Masalah ini dapat mengancam pasar keuangan tambahan luas, sebab konflik yang tersebut digunakan berada pada Timur Tengah ini merupakan wilayah penting untuk sumber energi, khususnya minyak dan juga juga gas. Dan lagi, negara pendukungnya juga berkontribusi besar untuk energi dunia.
Hal ini berbeda dengan Rusia kemudian Ukraina. Rusia adalah lima besar produsen dunia untuk gas, minyak mentah, batu bara, baja, pupuk, hingga nikel.
Eropa menggantungkan sekitar 45% pasokan energinya ke Rusia, Untuk pangan, Rusia adalah produsen utama pupuk dunia serta minyak nabati. Ukraina juga menyumbang 30% terhadap pasokan minyak bijih matahari.
Rusia juga Ukraina memasok 28% dari total pasar ekspor gandum dunia. Konflik dalam negara yang mana jelas menyebabkan banyak negara pengimpor seperti Indonesia harus mencari pemasok lain selama kedua negara berkonflik.
Dengan posisi yang digunakan dimaksud strategis itu pula, perang Rusia-Ukraina dampaknya sangat terasa kepada penduduk dunia. Inflasi pada tempat banyak negara menembus rekor tertinggi dalam sejarah atau puluhan tahun.
Inflasi AS menembus 9,1% (year on year/yoy) pada Juni 2022 yang yang menjadi rekor tertinggi salaam 40 tahun. Rekor inflasi dalam tambahan dari 40 tahun juga dicatat Jerman kemudian Inggris.
Indonesia juga harus menanggung derita pahit. Harga minyak goreng lalu gandum melejit. Pemerintah juga harus mengerek nilai jual BBM subsidi pada September 2022 hingga menciptakan inflasi terbang 5,95% (yoy) pada September 2023. Inflasi yang tersebut disebut adalah yang dimaksud digunakan tertinggi sejak Oktober 2015 (6,25%).
Lonjakan inflasi ini memaksa bank sentral pada hampir seluruh dunia mengerek suku bunga dengan sangat kenaikan sangat besar. Bank sentral AS The Federal Reserve (The Fed) sudah menaikkan suku bunga sebesar 525 bps sejak Maret 2022 serta Bank Indonesia menaikkan suku bunga sebesar 225 bps.
Suku bunga Argentina bahkan melesat hingga menjadi 118% pada Kamis pekan lalu (5/10/2023). Artinya suku bunga sudah naik hingga 78% atau 7800 bps sejak 2022 hingag sekarang ini.

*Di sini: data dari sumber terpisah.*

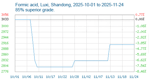 Formic acid prices have remained stable recently. As of November 24, the benchmark price of domestic industrial-grade 85% formic acid was the same as the same period last week (November 17), up 3.93% month-on-month and up 2.11% year-on-year.

Bank sentral Turki menaikkan suku bunga utamanya sebesar 500 bps menjadi 30% pada Kamis (21/9/2023), seiring dengan upaya Ankara melawan inflasi dua digit. Padahal suku bunga Turki pada awal 2023 masih pada bawah 10%.
Dampak perang Israel vs Hamas memang masih terbilang kecil dibandingkan dengan perang Rusia-Ukraina. Namun, jika perang meluas kemudian lama bukan bukan mungkin dampaknya akan sangat besar kepada dunia bidang usaha dunia, termasuk Indonesia.